Бешеным ударом кнута Коммод ожег спины своих коней, и те с коротким болезненным ржанием наддали. Он знал, что должен или вырваться вперед до второго обелиска, или прощай надежда на победу. Но он не принял в расчет опытность своего противника. Пренебрегая всеми тонкостями благородной игры, последний умышленно принялся вилять из стороны в сторону, лишив императора возможности совершить какой бы то ни было обходной маневр. И кончилось тем, что все же не кто иной, как самый ловкий из облаченных в голубую тунику первым достиг финиша, приветствуемый оглушительным ревом труб.

Император сошел с колесницы, его трясло, и не понять, от чего больше — от унижения или усталости.
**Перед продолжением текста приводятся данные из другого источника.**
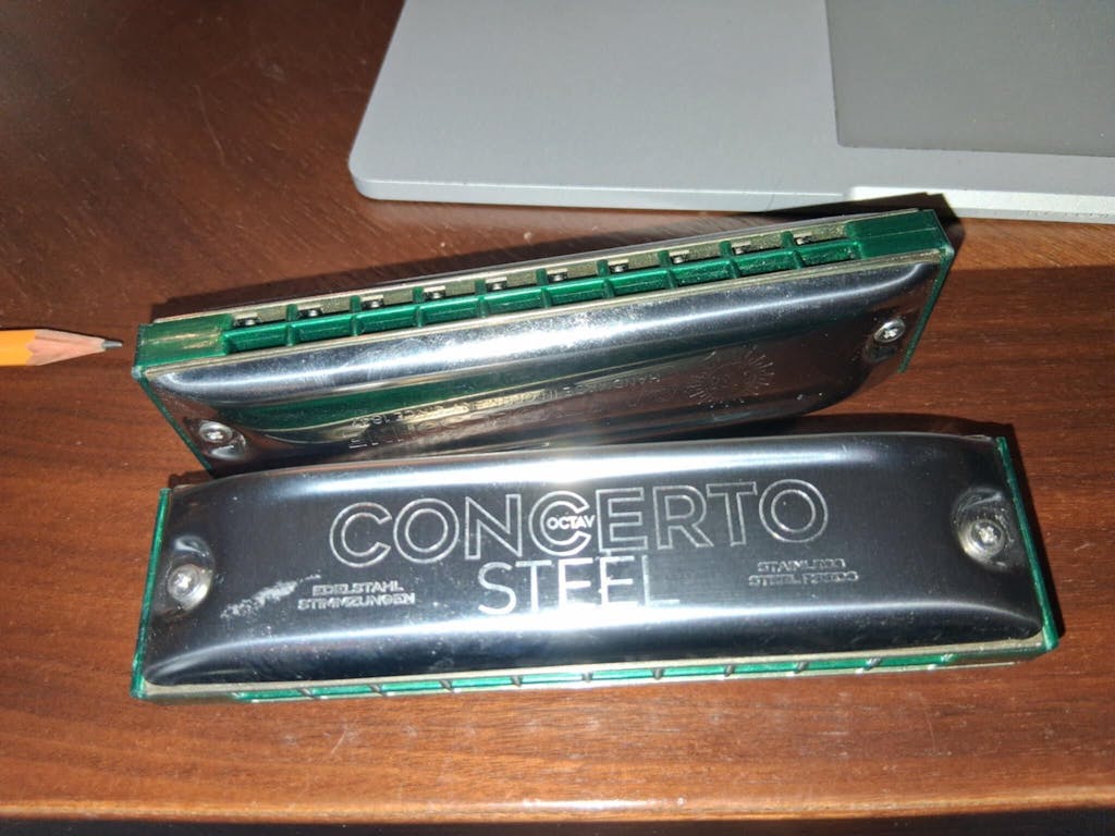 The CONCERTO STEEL is a high grade octave-tuned double-reed diatonic. The notes are aranged exactly like on a 10-hole diatonic (Richter tuning).

Бросил поводья молоденькому рабу, торопливо подскочившему к упряжке. Коммод говорил себе, что из всех преступных оскорблений величества, когда-либо выпадавших на его долю, еще ни одно не задевало его так, как это последнее. Да вдобавок нестерпимое ощущение бессилия перед поражением, которое ему нанесли... Ах, если бы хоть можно было отомстить победителю, покарав его за беспримерную наглость! Но нет, так он рискует стать посмешищем в глазах своего народа.

Взглядом, полным угрозы, он покосился па колесницу соперника, совершающего теперь почетный круг — шагом, под восторженные крики своих сторонников, от избытка чувств наперебой бросающих ему золотые монеты и драгоценности.

«Стало быть, — подумалось Коммоду, ярость которого это зрелище растравило еще сильнее, — этого грязного паршивца не стыдится открыто поддерживать добрая половина сената». Его переменчивой душе вдруг стало ненавистно все это скопище черни. Эх, будь у нее одна голова на всех! С каким бы наслаждением он снес ее с плеч...

Бессознательно он оглянулся на императорскую ложу и не без удовольствия отметил, что она пуста: Марсия, конечно, тоже не смогла больше выносить буйство непристойно обнаженных инстинктов этой толпы.

Калликст встал со своего места и направился к одному из бесчисленных вомиториев — этих пастей в нижней части амфитеатра, изрыгающих людские массы. Тут у него за спиной разразились новые крики, и он вспомнил, в чем дело — сейчас Матерна и его сообщников отдадут на съедение зверям. Ему подобные вещи казались тошнотворными, и просто по-человечески, и из религиозных соображений: Дионис Загрей был ведь тоже разорван на части и сожран титанами. Почитатели Орфея всегда хранили скорбную память об этом. Он ускорил шаг, но, приметив бродячего торговца, попросил нацедить ему стакан мульсума, а потом решил уйти и подождать Карпофора под аркадами.

Здесь полновластно царствовала тень. От поперечных блоков, венчающих колонны, веяло целительной прохладой, смягчающей зной, которым тянуло снизу, из раскаленной котловины между Палатинским и Авентинским холмами.

Краем туники, вывернув его наизнанку, Калликст промокнул пот, крупными каплями выступивший па лбу. Прислонился затылком к колонне, закрыл глаза.

Сколько сумятицы в душе от этих противоречивых мыслей, похоже на мозаику, части которой ни в какую не желают складываться воедино.

Флавия ,Марсия ,Карпофор ...Снова Флавия ...

Кто-то задел его, проходя. А, бродячий торговец! Тот самый, с медовым напитком. Калликст подумал: какая странная физиономия... Этот крючковатый нос — ни дать ни взять хищная птица...

Торговец углядел троих, вышедших из амфитеатра, вот и поспешил вслед:

— Не угодно ли чашу мульсума, мои почтеннейшие?

Те пробурчали, что не угодно.

— Вы меня поражаете! Это же лучшее вино в городе — калийский мульсум, настоянный на кедровом листе... Такого вам нигде не найти!

— Оставь нас.

— А мед в нем из Македонии, и...

— Говорят тебе, отстань! Ступай отсюда, лучше предложи свою бурду этим несчастным, которых собираются скормить диким зверям.